For Colored Girls

ForColored Girls castAWESOME!







These are all words I’d use to describe last week’s performances of For Colored Girls. I was able to witness a local cast transform the bodies, voices and movements into powerful, meaningful roles.  Although their costumes were mainly simple long skirts and colorful t-shirts, when each person opened their mouth – you listened.

Whether the beat of the drum or the harmony to the melody, talent surrounded all walls of the KY Center.  The all female cast made you laugh, cry and question yourself whether you should laugh or cry.  My husband was glad we sat in the second row, because all men sitting in the front row were easy targets to incorporate into the scene.   It was entertaining to watch the guy sitting in front of us have the entire cast vocalize their frustrations to him.

And can you say full house?  Packed crowds every night to support an African American play, with African American actresses and an African American producer.  Rush Trowel, the brainchild behind the production, worked his magic and showed that Louisville can hold its own.

I loved meeting the cast after the show.  During the play I was intrigued by JD Green’s performance.  She transformed from a young girl to an angry man and she made me feel as if I never wanted to cross her.  To my surprise, this was her first acting opportunity.  

I was fortunate to sit close to Donna Mason during a group scene where she played a homeless person. Most of what she did was off the cuff and not even a part of the main acting occurring, but everyone in our section was glued to her every subtle movement.

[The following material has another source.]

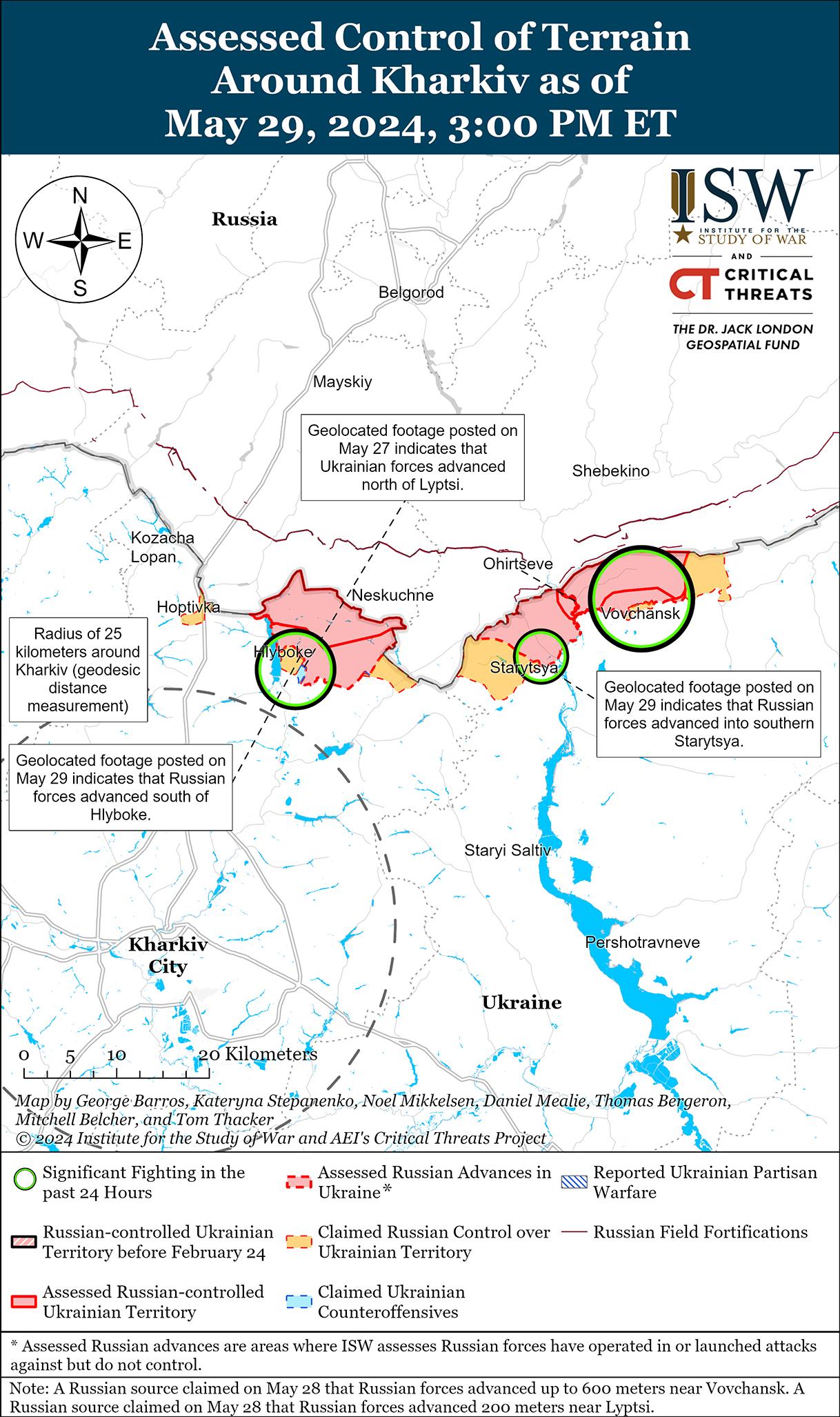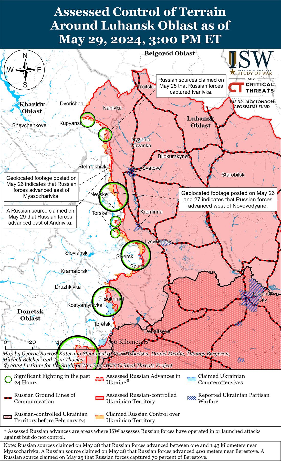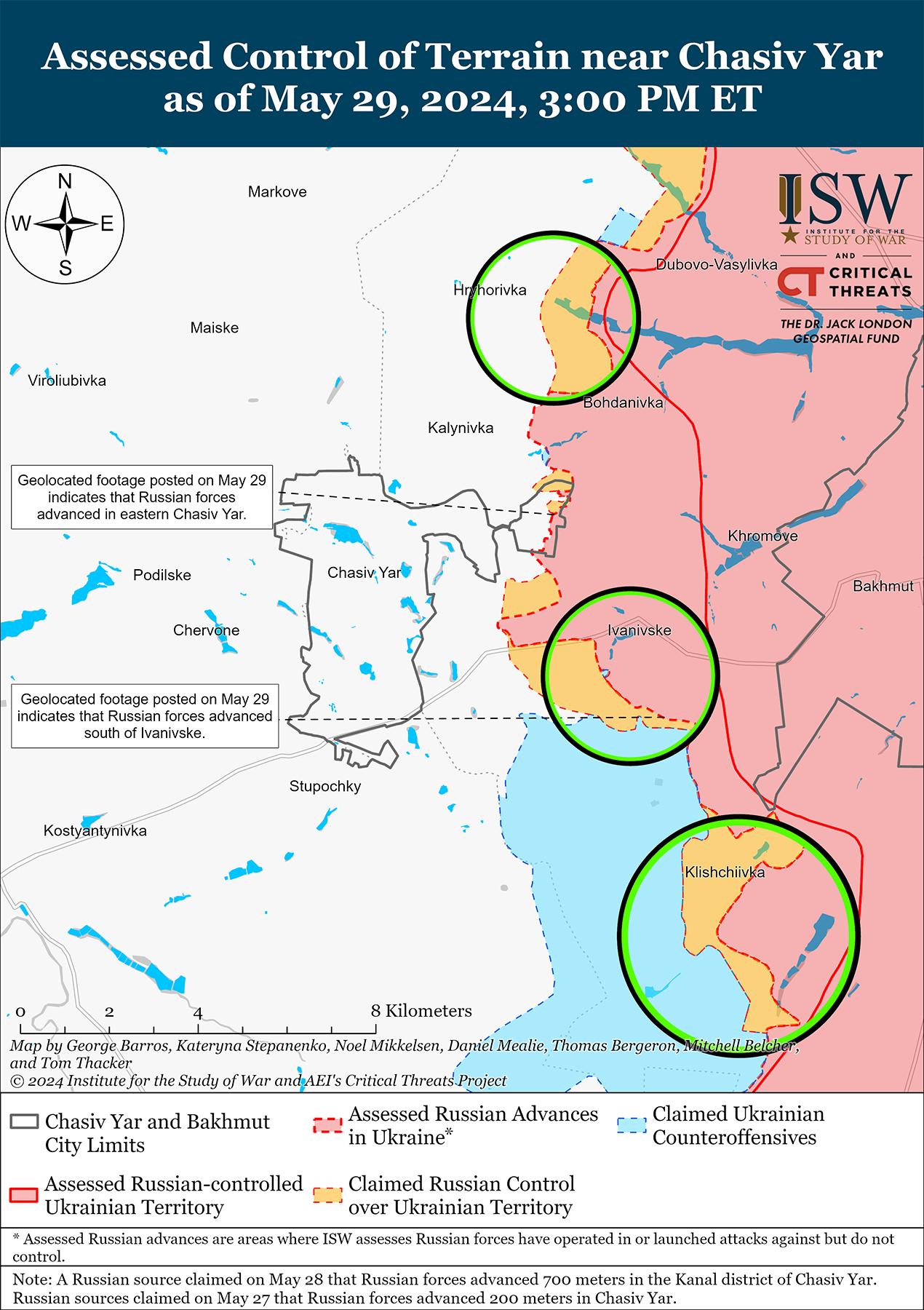 Российские войска недавно добились незначительных успехов к востоку и юго-востоку от Часового Яра. На геолоцированных кадрах, опубликованных 29 мая, видно, что российские войска продвинулись к югу от Ивановского (юго-восточнее Часового Яра) и в пределах микрорайона Канала в восточной части Часового Яра. [49] Военные блогеры сообщали, что российские войска улучшили свои тактические позиции в микрорайоне Канал, что согласуется с имеющимися геолокационными кадрами. [50] Российский военный блогер утверждал, что подразделения российской 98-й воздушно-десантной дивизии (ВДВ) создали новые плацдармы на южной и восточной окраинах микрорайона Новый (также в восточной части Часового Яра), хотя ISW пока не обнаружил визуальных подтверждений присутствия российских войск на окраинах микрорайона Новый или вблизи него. [51] Другой блогер утверждал, что подразделения российской 200-й мотострелковой бригады (14-й армейский корпус, Ленинградский военный округ) вытесняют украинские войска с позиций в лесных массивах к северу от Калиновки (к северу от Часового Яра). [52] Украинский Генштаб сообщил о наземных атаках россиян в районе микрорайона Новый; к северу от Часового Яра в районе Григорьевки; вблизи Ивановского; и юго-восточнее Часового Яра в районе Клещеевки и Андреевки. [53] Сообщается, что в районе Часового Яра продолжают действовать подразделения российской бригады «Север-В» (Российский добровольческий корпус) и батальона БАРС-13 (российский боевой армейский резерв), а также подразделения 98-й дивизии ВДВ и 200-й мотострелковой бригады. [54]

Anyone in the audience remembers the powerful ending headed by the amazingly talented Ebony Jordan.  She reached deep into her soul and pulled all of us in with her.  And we stayed with her.  And we felt her pain.  And we didn’t know what to do to make it better.

Local talent exists all over Louisville and we need to support avenues that showcase these people.  But the thing about it is, we all have talents.  Whether it’s theater, poetry, cooking, electronics, landscaping or teaching – we all have a gift.  Some of us are able to more visibly show our gifts.  Others are waiting for the right opportunity to shine. Just know, opportunity rarely comes and knocks on your door, you have to go knock on opportunity’s door.  Follow your dreams and opportunity will follow you!